British-Canadian actress and singer (1912–1997)

Rosina May Lawrence (December 30, 1912 – June 23, 1997) was a British-Canadian actress and singer. She had a short but memorable career in the 1920s and 1930s in Hollywood before she married in 1939 and retired from entertainment. She is best known as the schoolteacher in the Our Gang comedies of 1936–37, and as the ingenue in the Laurel and Hardy feature Way Out West.

== Early years ==
Lawrence's family moved to Boston in 1922, then moved to California.
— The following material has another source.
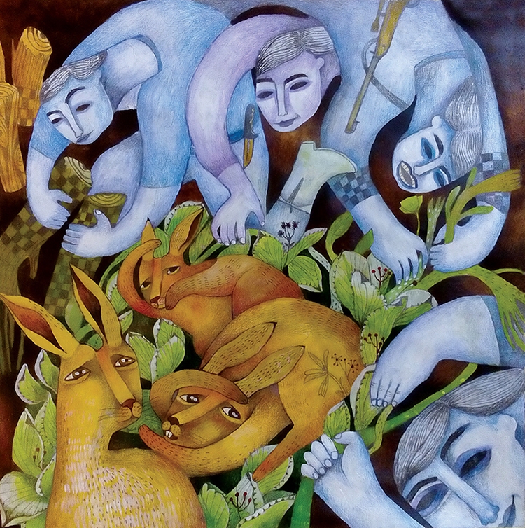 در هنگام خلق یک اثر همیشه سعی کردم به هویت هنری و تکنیکی و داشته های ذهنی و تجسمی خودم رجوع کنم ولی مسلما هر تصویرگری در آرشیو ذهنی خود مجموعهای تصویری از آثار هنرمندان مختلف دارد که میتوانند در ایدهپردازی یک تصویرگر تاثیر خیلی زیادی داشته باشند. »

In 1925, a fall on a school playground in Los Angeles resulted in paralysis on her left side. Dancing (suggested by a doctor as therapy for her weakened left leg and side) led to professional engagements.

Lawrence was one of the first women to swim Lake Tahoe in Nevada.

==Career==
Lawrence's dancing led to work in films when she became Sally Eilers' double for a tap dance in Dance Team. Thereafter, she worked as a stand-in for Eilers in other films and gained dancing roles as well.

Lawrence made her film debut in the 1924 film A Lady of Quality. She received a contract from Twentieth Century-Fox in 1935, her first Fox effort being $10 Raise, an Edward Everett Horton comedy. Her work at Fox was undistinguished, her best-known role there being the ingenue in Charlie Chan's Secret.

Fox loaned her out to comedy producer Hal Roach for the 1936 feature Neighborhood House, ultimately released as a Charley Chase short subject. When her Fox contract was not renewed, she joined the Roach studio full-time, working with Chase, Our Gang, Patsy Kelly, Jack Haley, and Laurel and Hardy. Her singing voice, which had not been featured on film, came to the fore in Laurel and Hardy's Way Out West (1937); in addition to her own vocal, she provided the "high" soprano when Stan Laurel sang "Trail of the Lonesome Pine".

Lawrence showed little interest in promoting her screen career, shying away from the prearranged publicity stunts or photo shoots common to studio press agents. The easygoing Roach staff respected her wishes, and her tenure at Roach ended quietly. Her final performance was in the 1972 Italian comedy film Lost, in which she plays an American film star who causes great excitement when she appears in a small Italian town.

==Personal life==
Lawrence and Judge Juvenal P. Marchisio married in June 1939, and she left acting to become a housewife. Marchisio died in 1973, and in 1987, Lawrence married John McCabe, a biographer of her onetime co-stars Laurel and Hardy.

Lawrence's parents became naturalized United States citizens in 1939. Lawrence's nationality was British and it is unclear if she ever became a United States citizen.

== Death ==
Lawrence died of cancer on June 23, 1997, in New York City, aged 84.

==Recognition==
In 1936, the Hollywood Press Photographers Association named Lawrence as one of 10 Flashlighters' Starlets — young actresses the group considered most likely to succeed in film careers.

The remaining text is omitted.